To me this seems like the "easiest thing" on the whole damn planet to fix....

Just have one forum section called, "DIY SPL", another called, "DYI SQ", and another called, "DIY SQL". 

Problem solved.

Personally, I'm into all aspects of car audio.... both LOUD and CLEAN, and I'd probably spend the most time in the "SQL" section, but the fact is, everyone would then have a choice.

Ya' know, lots of things in life have no easy answers..... But this is just not one of those things.

Hmmmmm,
Peace,
Fish


----------



## Grim0013

They send these 3rd graders in here, and they're all asking questions and don't know how to conjugate verbs or whatever it is they teach kids these days, and I'm like, "Use the ****ing search feature, n00b!"

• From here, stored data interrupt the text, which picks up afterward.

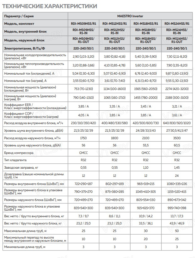 Бренд Roland Модель Maestro Inverter RDI-MS18HSS/R1 Завод изготовитель GD Midea Air Conditioning Equipment Co.,Ltd Тип кондиционера Сплит-система Тип внутреннего блока Настенный Производительность по воздуху, м³/ч 730 Инверторная технология Да Обслуживаемая площадь м2 50 Цвет внутреннего блока Белый (матовый) Хладагент R-32 Wi-Fi Опция Режим работы при обогреве -15 Мощность охлаждения, кВт 5.4 Мощность обогрева,кВт 5.6 Особенности Таймер, Угольный фильтр, HEPA фильтр, Пылевой фильтр, Стерилизация , Авторестарт после пропадания питания, iFeel (датчик температуры в пульте д/у), Антибактериальная защита, Воздушный фильтр, Регулировка направления, Регулировка скорости, Режим ЭКО ( ECO ), Режим антизамерзания, Режим обогрева, Режим разморозки, Система самодиагностики неисправности, Фильтр предварительной очистки , Фильтр с ионами серебра Гарантия(месяцев) 12 Шум внутреннего блока,дБ 24 Шум наружного блока,дБ 55.5 Ширина внутреннего блока,см 96.5 Высота внутреннего блока,см 31.9 Глубина внутреннего блока,см 21.5 Ширина наружного блока,см 80.5 Высота наружного блока,см 55.4 Глубина наружного блока,см 33 Потребляемая мощность, кВт (при обогреве) 1.455 Потребляемая мощность, кВт (при охлаждении) 1.565 Диаметр жидкостной магистрали 1/4 Диаметр газовой магистрали 1/2 Класс энергоэффективности при обогреве A Класс энергоэффективности при охлаждении A - Отзывы
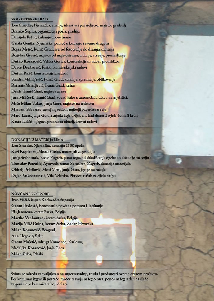 Mnogo je ljudi bilo uključeno u ovu gradnju, i na različite, ponekad gotovo mistične načine. Nekako se poklapalo da su se pravi ljudi nalazili na pravim mjestima upravo onda kada je to trebalo. I u ritmu određenom janjagamom sve se posložilo baš kako treba. Od samog Lou-a koji je tijekom izložbe Chawan u Opatiji 2011. ponudio na poklon 1300 komada opeke i svoje znanje, vrijeme i iskustvo da se sagradi peć, preko Gorana, Tomislava, Krste i svih drugih koji su reagirali u pravi čas. Ne zaboravimo niti donacije u novcu, koje su cijelu stvar dobrim dijelom omogućile, Karlovačka županija, Ecoconsult i nekolicina umjetnika. I na kraju zaista ono najvažnije, dani i dani volonterskog rada (teškog fizičkog) velikog broja naših prijatelja. Hvala svima!
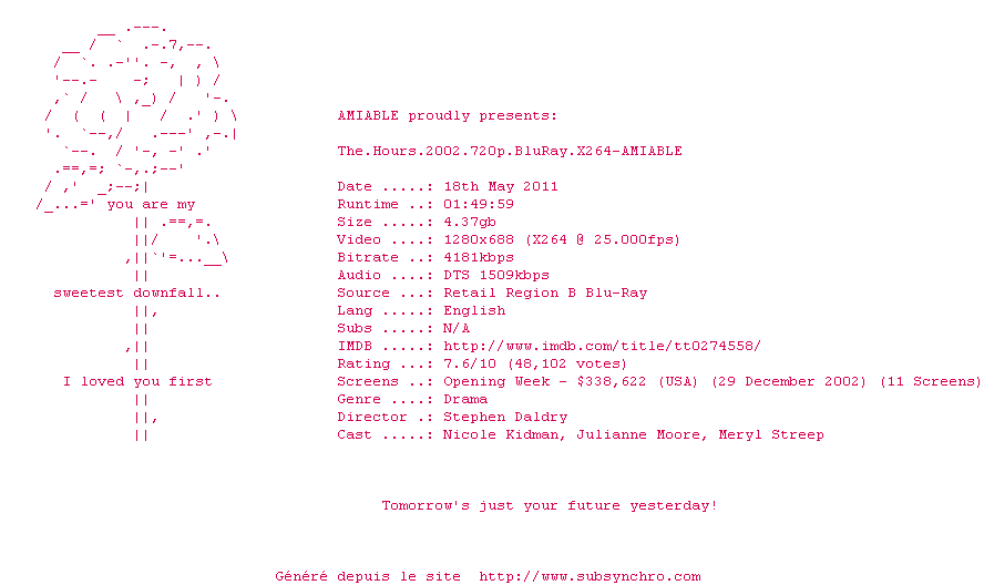 Voir le nfo de la release The.Hours.2002.720p.BluRay.X264-AMIABLE
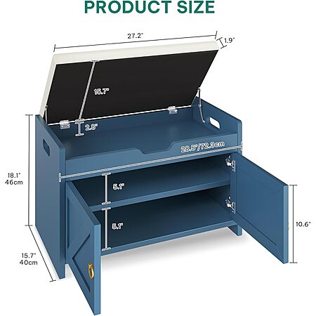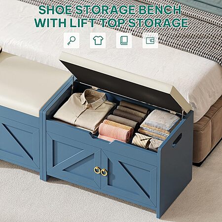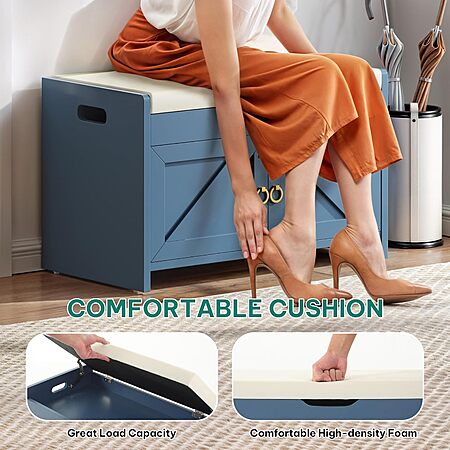 28" Yitahome Shoe Storage Bench w/ Cushioned Lift-Top Seat (Blue) $40 + Free Shipping
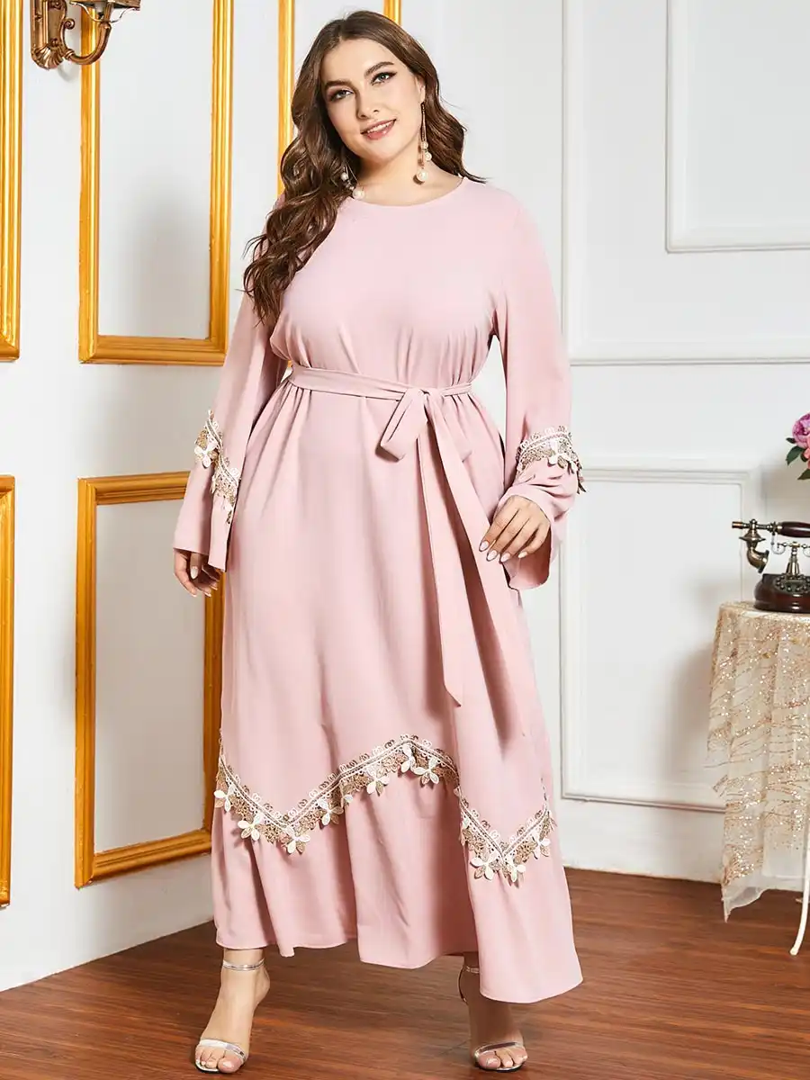 Robe Longue Ajustee Evasee Rose De Taille 36 A 48 Femme Musulmane Hijab Abaya Eur 36 00 Picclick Fr
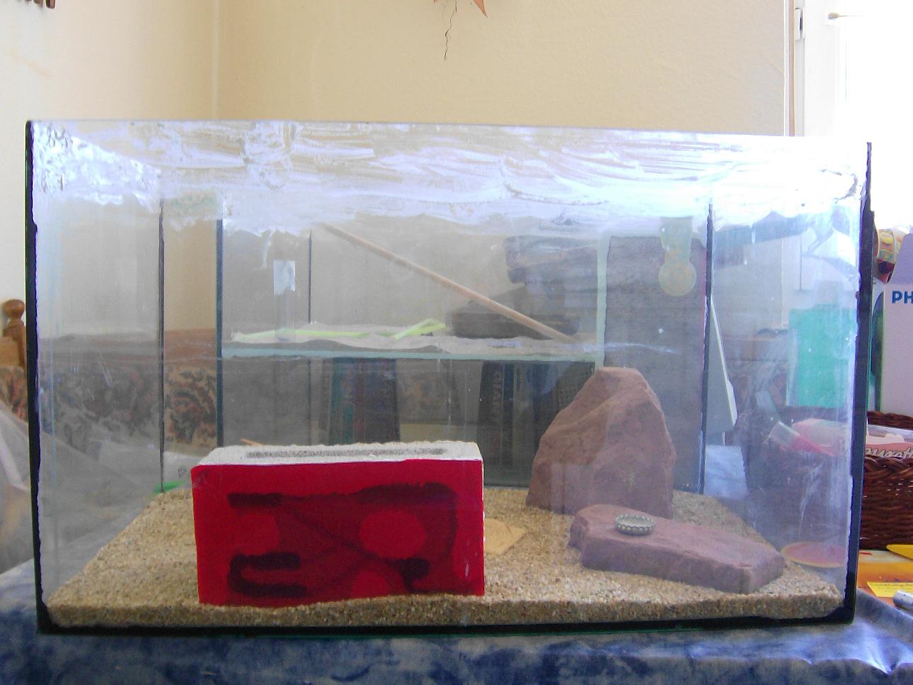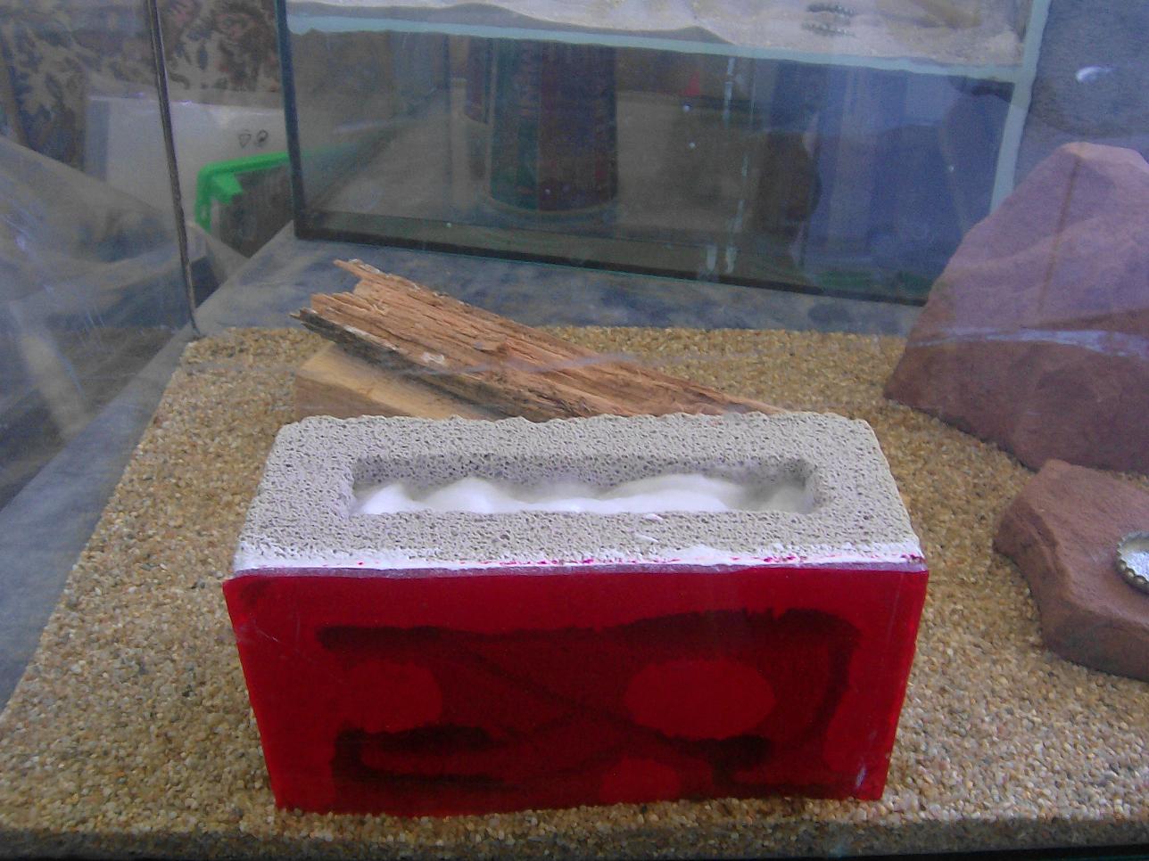 Bild4 und 5: Der Ytong aus einiger entfernung. Die weissen flächen sind silikon mit dem Ich das plexiglass angeklebt habe.
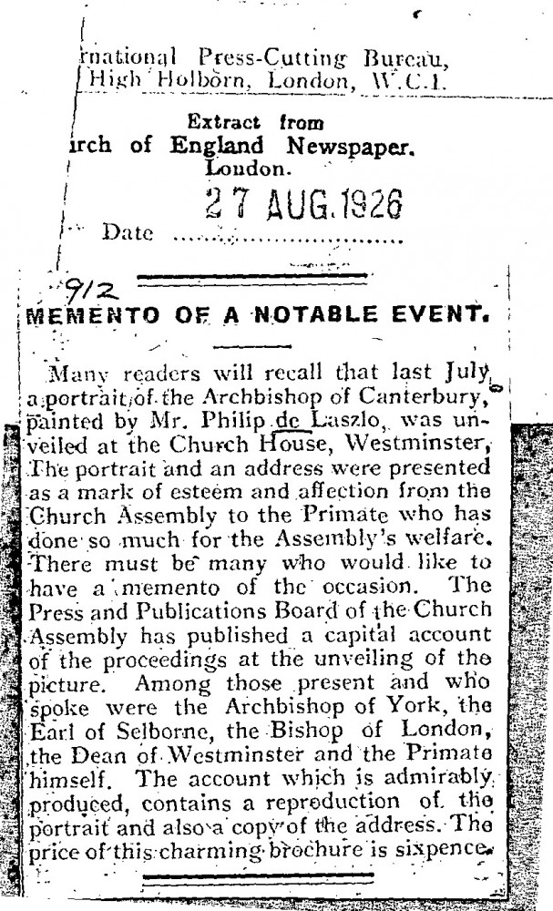The Church of England Newspaper. Publication of a brochure by the Church Assembly to commemorate the unveiling of de László's portrait of the Archbishop of Canterbury at Church House [4632].
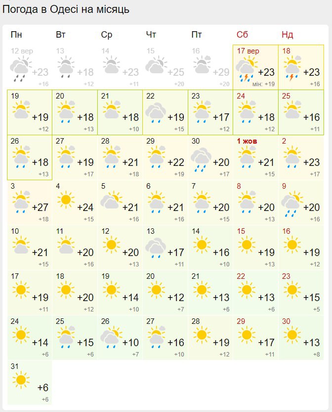 В Одессе ожидаются дожди все ближайшие дни, до 10 октября, при этом рекордно высокая температура за месяц будет +27 градусов 3 числа. С 14 октября и до конца месяца практически не будет дождей.
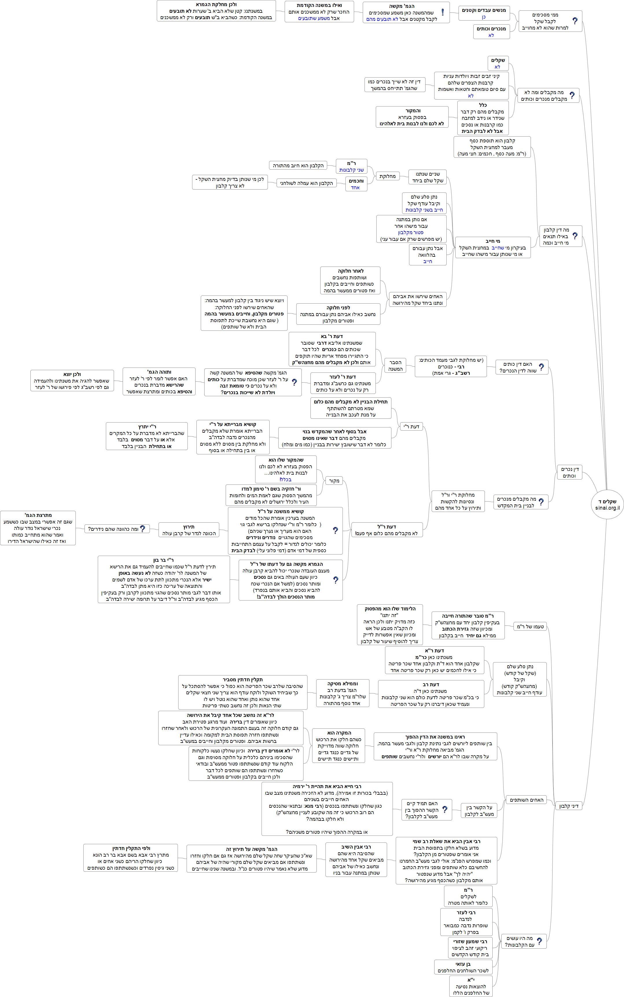 - 1.שניים שנתנו שקל שלם ביחד: מחלוקת ר"מ – שני קלבונות וחכמים: אחד.
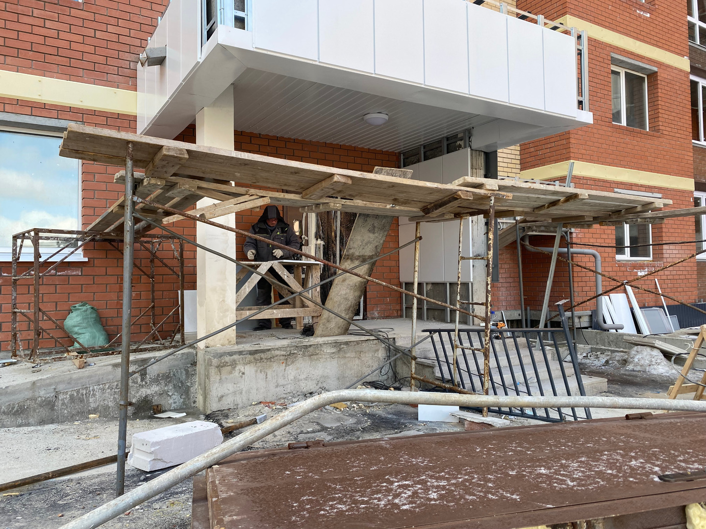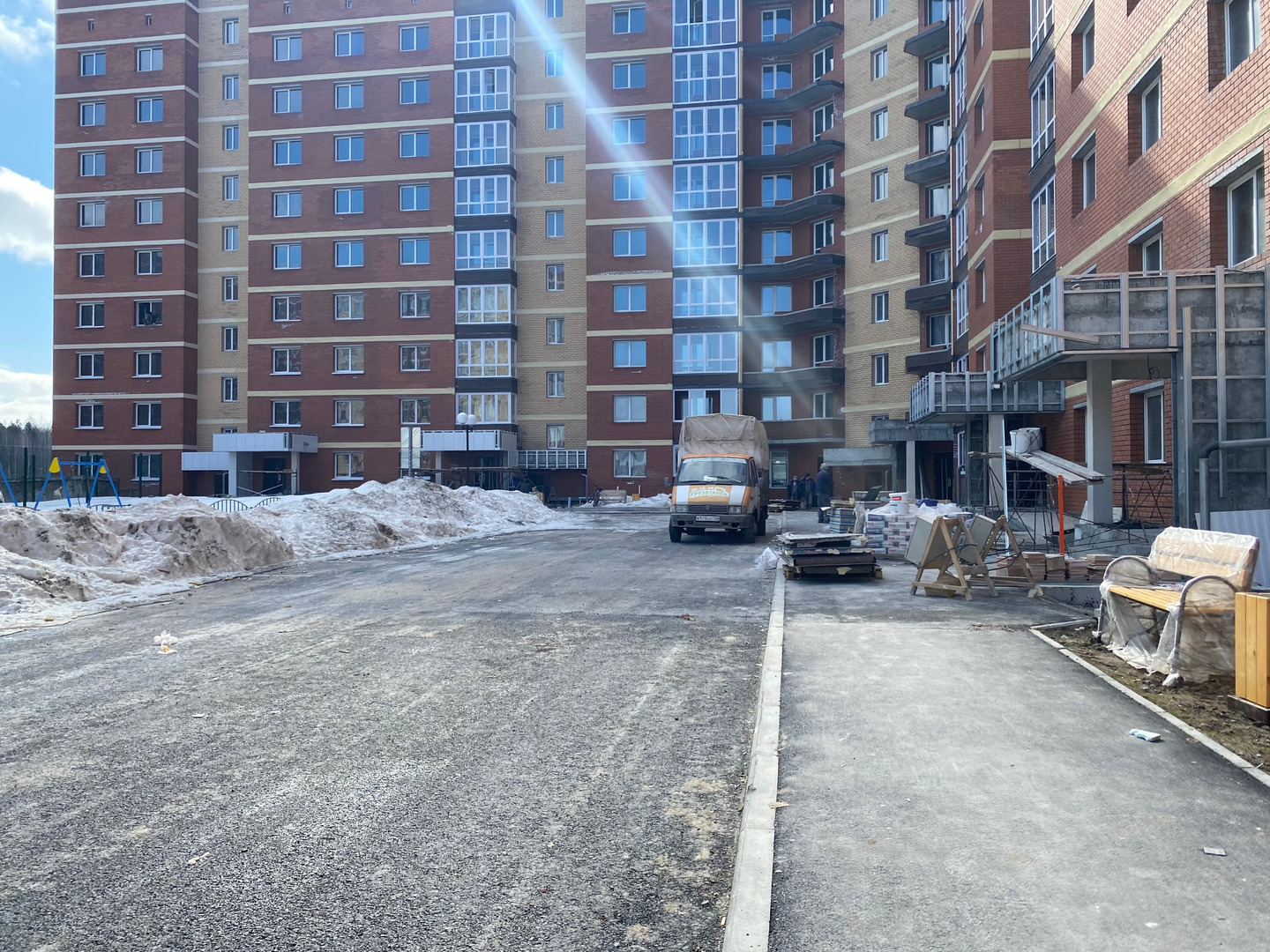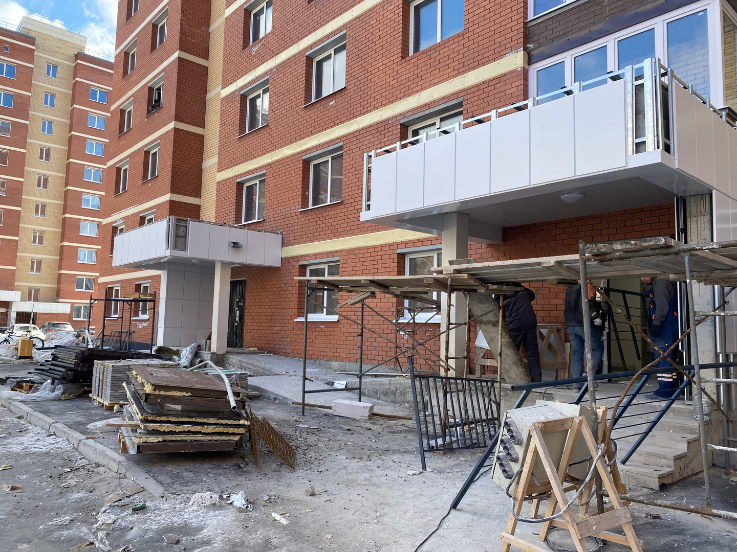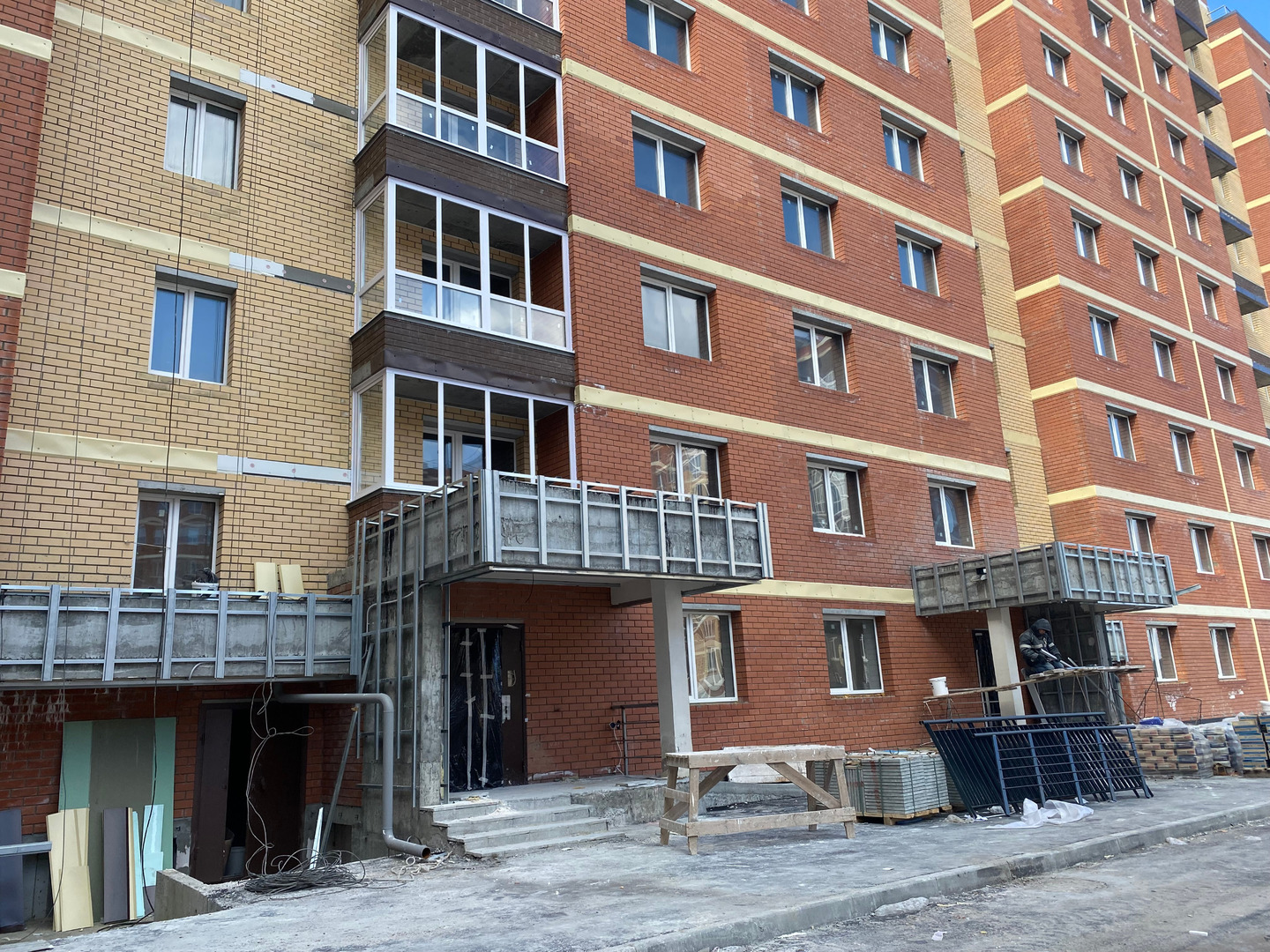 На объекте окончен ремонт ливневой и бытовой канализаций, системы ХГВС. Произведен процесс опресовки ХГВС, работают плиточники, выполняются электромонтажные работы, продолжаются отделочные и фасадные работы, осуществляется монтаж лоджий и лифтов.

Seriously though, that's the part I don't get. The hostility towards people asking questions. So long as the questions are reasonable, and they aren't always, I don't see the problem. Education is something that is constantly done over and over. Odds are if someone is posting on DIYMA, they want to learn something. If everyone could learn from looking it up, we wouldn't need teachers, would we? The function of the teacher is to present the knowledge in the specific manner required for the student to grasp the material.

I am relatively new to these forums, and am glad I never looked in this sub-forum until now, because a lot of people are coming off as douche bags in this thread. I came here for the DIY and to learn about proper imaging and dynamics. Am I not welcome? Have I stumbled upon the teacher's lounge?

Really, shouldn't new people asking questions be looked at as a way to influence fresh minds? The character of the forum will only change if it is allowed to. And really, a bunch of "old-timers" getting bitter and acting like douche bags is the fastest way to run things into the ground. You risk the creation of a self-fulfilling prophecy as newbies leave and/or get an attitude in response to the "old-timers" leaving and/or getting an attitude.


Let me just add a little edit here: I am not proposing that people should be spoon-fed or anything. I get as annoyed as anyone when someone asks a stupid question. I'm just saying that people need to keep an open mind and keep the sand out of their vaginas. People deserving of your derision will present themselves regardless. No need to manufacture "enemies."


----------



## lust4sound

kimokalihi said:


> That's exactly what this forum was originally made for. A place for people who don't care for SPL and want to focus on SQ can go. This section doesn't belong.


What about SQL.. To get there, you need knowledge of both SQ and SPL do you not?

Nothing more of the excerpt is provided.